In addition to this fixed legal objective, we are thinking about the best way to structure the fund’s year-to-year governance. For instance, we could carefully select a board of trustees to guard the objective of the fund and update its strategy. They should embody the values of the fund and be strategically knowledgeable. This would allow a lot of the governance to remain adaptable: value and competency drift could be averted by good initial trustee choices and a solid process of succession.

If we launch this fund, we will recommend it to our longtermist members alongside our existent recommendations on existential risk reduction and forthcoming new longtermist recommendations. Some of our members have already expressed interest. We also expect this fund could be interesting for non-longtermist members who nonetheless want to allocate a fraction of their ‘giving portfolio’ to benefiting the longer term.

What type of input we would most value at this stage

In order of preference:

  • Connections or expertise on international trust, charity and investment law

  • Legal and tax considerations will have a major influence on how we could best set up this fund. If you have expertise in this area or could connect us to anyone who does, your help would be highly appreciated. Please reach out to sjir@founderspledge.com.

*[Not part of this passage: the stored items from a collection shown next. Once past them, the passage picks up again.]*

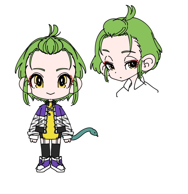 ヌエちゃん、第一段階(左)と第二段階(右)。 元気すぎるのは私の性癖ではないので、つり目っぽいのからアンニュイ目に。 髪型もショートボブっぽく変更。 ヌエの狸要素がないので、信楽たぬき要素でも入れようか。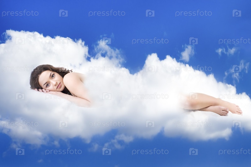 Красивая женщина, лежащая на облаке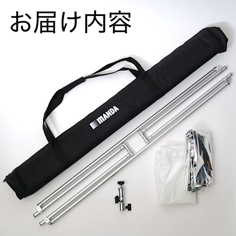 お手持ちのライトスタンドがあれば自立型のリフレクター(110x110cm)が実現します。

  • Criticisms of the idea and any of its premises

  • References to relevant papers / articles are also welcome. Please leave these in the comments.

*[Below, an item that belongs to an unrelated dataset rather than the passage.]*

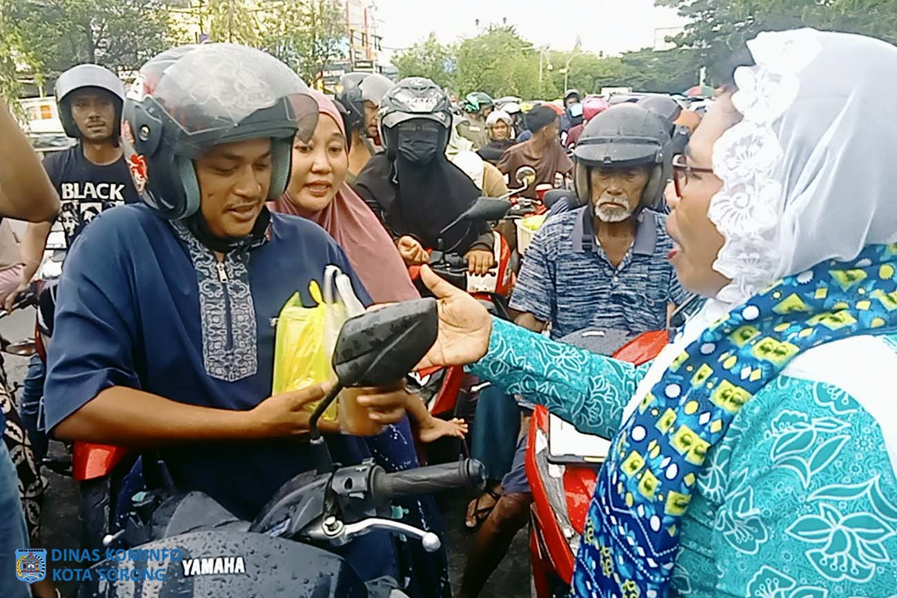 Mengawali pembagian takjil, Ketua TP PKK didampingi Ketua BKMT, Ketua DWP, dan Ketua GOW Kota Sorong membagikan takjil kepada warga yang sudah menunggu di depan lokasi Sorong City. Sekalipun terlihat ramai, namun arus lalu lintas tetap berjalan dengan lancar.

  • Examples of similar funds

  • To learn more about e.g. risks of value drift, risks of expropriation and legal structures, we’re looking into case studies of similar funds, both active now and in the past. We are aware of the Wellcome Trust, the Mormon investment fund, the Nobel Foundation, the Islamic Waqfs, sovereign wealth funds, university trusts, and the Catholic Church. If you know of any other good examples or have useful sources on the above-mentioned ones, please let us know in the comments.

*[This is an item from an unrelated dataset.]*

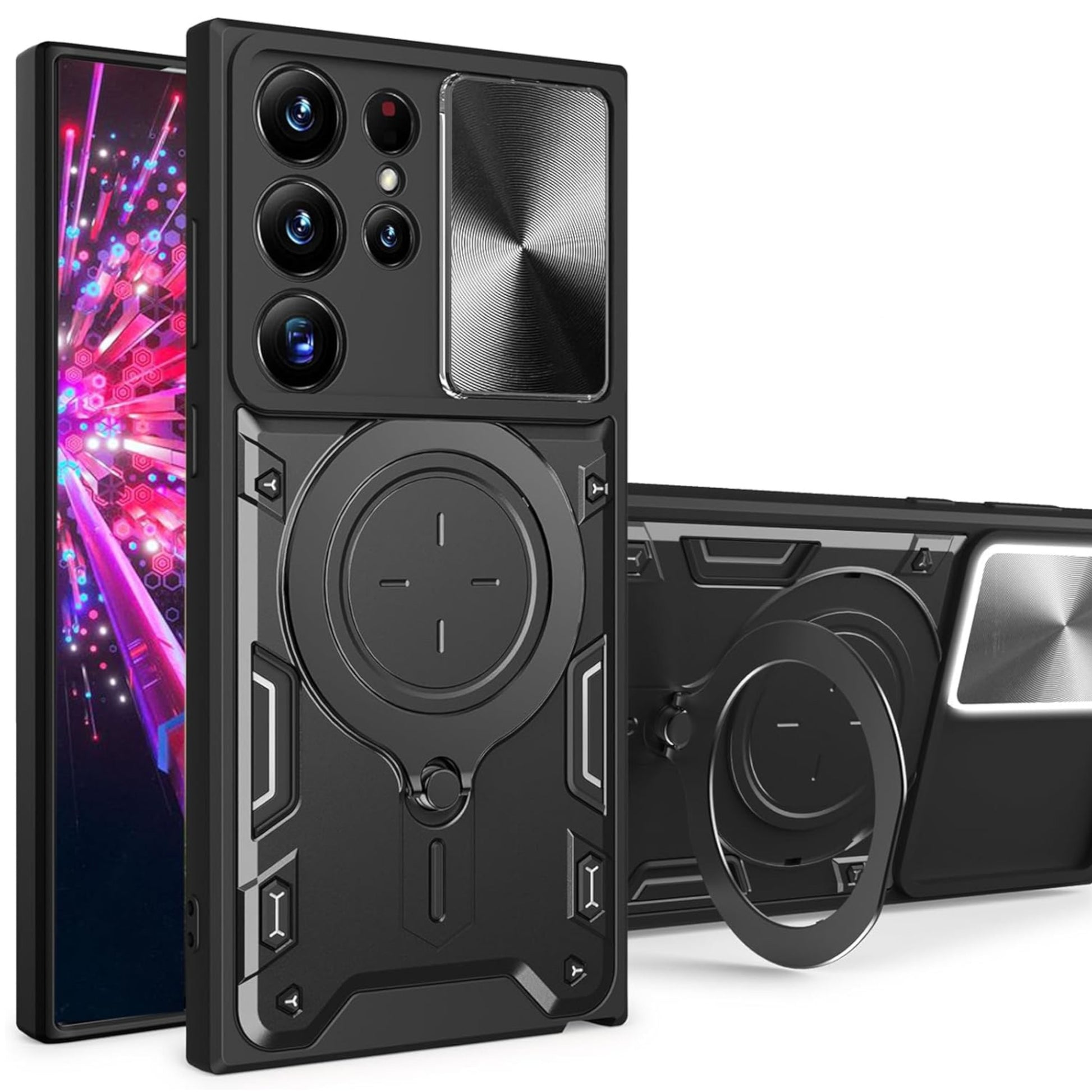 Case with Magnetic Ring Stand Invisible 360° Rotatable [Compatible with MagSafe] Military Grade with Camera Cover, Heavy Duty Shockproof Protective Cover

  • Creative ideas for optimal governance of the fund

  • Creative thoughts on naming and framing of the fund

  • Our current working title is ‘Legacy Fund’, but if you have any other ideas, feel free to suggest.

Comments28
Sorted by Click to highlight new comments since: Today at 6:00 AM

Some quick thoughts (most are probably obvious):

  • Some reasons to think we shouldn't invest more than we currently are:
    • The highest-return investment opportunities may be non-financial, such as 80K, CEA, Founders Pledge, etc. Investments in the stability of the EA community can also be seen as a form of investment. This also means that we might naïvely underestimate the EA community's current investment rate.
    • Most of the EA billionaires' funding is currently being invested.
    • A lot of EAs are currently early in their careers and thus "investing" in their careers, with the largest payoffs to occur many years in the future.
  • It could be worth setting this up partly as "Open Phil insurance," i.e., this fund could fund EA organizations and Open Phil's most effective longtermist grants in the event that Open Phil funding dries up (e.g., Good Ventures stops collaborating with Open Phil for some reason).
  • To attract more funding, it could be worth setting this up in such a way that the donors have the option of retaining some amount of discretion. E.g., the donors may not fully agree with the worldview of the fund managers, and for this reason, there is currently a number of longtermist giving opportunities (specific organizations, the donor lottery, the Long-Term Future Fund, the Survival and Flourishing Fund, the EAF Fund (which is focused on s-risks)). A low-effort way of implementing this at least partly would be that the donors can "label" their donation for a particular worldview, and the fund managers then try to take this into account informally with their grantmaking by talking to the experts holding that worldview at that point in time.
    • Relatedly, if we look at the current EA donor landscape, it seems that most expected funding for this fund will come from a single billionaire. It's probably worth working with them directly and custom-tailoring the fund to them.
  • Open Phil's committee mechanism might be helpful for the governance of your fund.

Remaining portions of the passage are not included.